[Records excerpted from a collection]
⁂

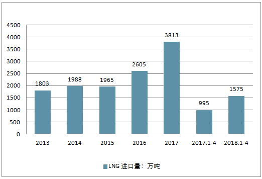 2013-2018年我國(guó) LNG 進(jìn)口量(單位:萬(wàn)噸)
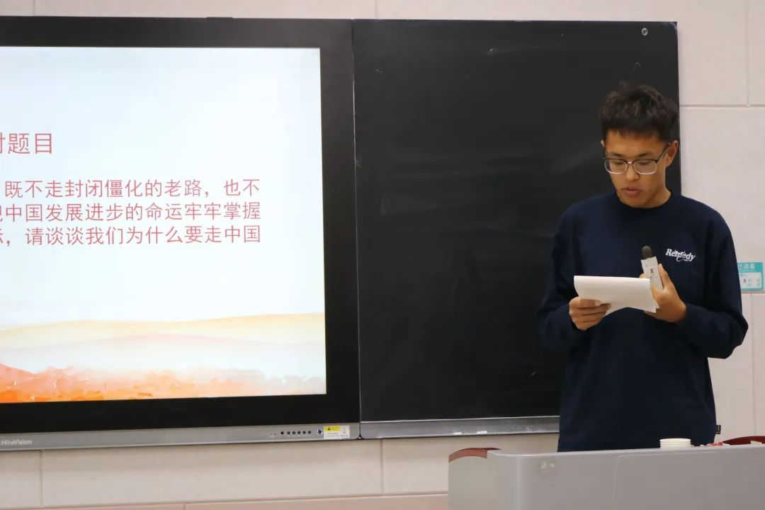 研讨第三部分,思考为什么要走中国特色社会主义道路。入党积极分子纷纷表示:理论上,中国特色社会主义是中国几代共产党人将马克思主义中国化的成果,是正确的、先进的,是我们必须坚持的;实践上,中国特色社会主义有着宏伟的历史成就,用事实说明了我们的精神文化与物质文化相匹配,是符合规律的;历史和未来上,中国特色社会主义是理论逻辑和历史逻辑的辩证统一,是根植于中国大地、反映人民意愿、适合中国发展进步要求的科学社会主义。
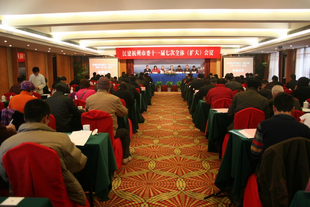 1月18日上午,民建杭州市第十一屆委員會第七次全體(擴大)會議在海華滿隴酒店隆重召開。杭州市副市長、民建市委會主委陳小平,原市委會主委蔣福弟,市委會副主委郭清曄、薛滔菁、徐土松、吳忠泉及民建市委委員、人大代表、政協委員、建德市委會、各城區總支、各市屬支部等120余人參加了會議。中共杭州市委統戰部副部長楊志剛、黨派處處長魯時榮、調研員徐辛沛應邀參加了大會。會議由郭清曄副主委、徐土松副主委分別主持。
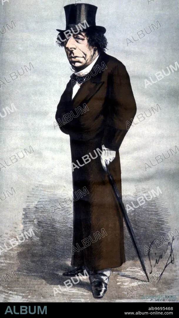 Caption: Benjamin D'Israeli. Disraeli, Benjamin (1st Earl of Beaconsfield) English author and politician; wrote novels "Vivian Grey" 1826, "Sybil" 1845, "Tancred" 1847; British chancellor of the exchequer 1852, 1858-1859, 1866-1868; British prime minister 1868, 1874-1880 (1st Jewish prime minister); political opponent of William Gladstone _1804-1881
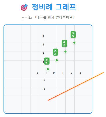 'x가 2배, 3배... 될 때 y도 2배, 3배... 되는 관계'를 정비례라고 해요. 그래프는 원점을 지나는 직선 형태를 띤답니다!
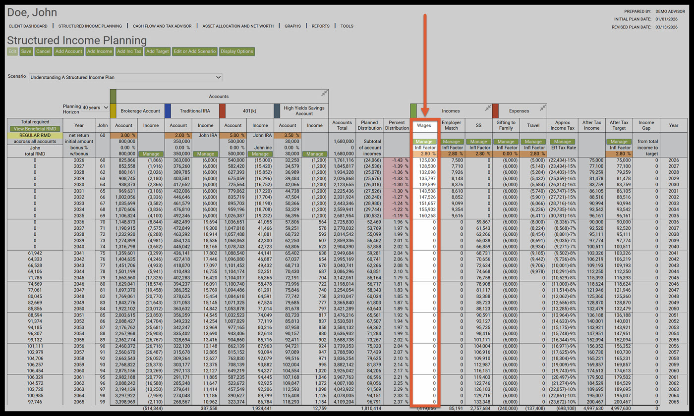 Step 16: Wages: This column is part of the income section and represents the client’s yearly wage. The orange section displays the annual growth rate for the yearly wage increase. The starting wage amount corresponds to the value entered on the Income page. Similarly, the annual growth rate is initially populated based upon the percentage specified on the Income page in the Client Dashboard. To learn more see article: Tax Calculation Option for Incomes

⁂

What the exercise asks | Where a picture appears in the records above, omit it, and transcribe exactly the stretch of lines from the one with "研讨第三部分,思考为什么要走" through the one with "직선 형태를 띤답니다!".

Worked solution |
 研讨第三部分,思考为什么要走中国特色社会主义道路。入党积极分子纷纷表示:理论上,中国特色社会主义是中国几代共产党人将马克思主义中国化的成果,是正确的、先进的,是我们必须坚持的;实践上,中国特色社会主义有着宏伟的历史成就,用事实说明了我们的精神文化与物质文化相匹配,是符合规律的;历史和未来上,中国特色社会主义是理论逻辑和历史逻辑的辩证统一,是根植于中国大地、反映人民意愿、适合中国发展进步要求的科学社会主义。
 1月18日上午,民建杭州市第十一屆委員會第七次全體(擴大)會議在海華滿隴酒店隆重召開。杭州市副市長、民建市委會主委陳小平,原市委會主委蔣福弟,市委會副主委郭清曄、薛滔菁、徐土松、吳忠泉及民建市委委員、人大代表、政協委員、建德市委會、各城區總支、各市屬支部等120余人參加了會議。中共杭州市委統戰部副部長楊志剛、黨派處處長魯時榮、調研員徐辛沛應邀參加了大會。會議由郭清曄副主委、徐土松副主委分別主持。
 Caption: Benjamin D'Israeli. Disraeli, Benjamin (1st Earl of Beaconsfield) English author and politician; wrote novels "Vivian Grey" 1826, "Sybil" 1845, "Tancred" 1847; British chancellor of the exchequer 1852, 1858-1859, 1866-1868; British prime minister 1868, 1874-1880 (1st Jewish prime minister); political opponent of William Gladstone _1804-1881
 'x가 2배, 3배... 될 때 y도 2배, 3배... 되는 관계'를 정비례라고 해요. 그래프는 원점을 지나는 직선 형태를 띤답니다!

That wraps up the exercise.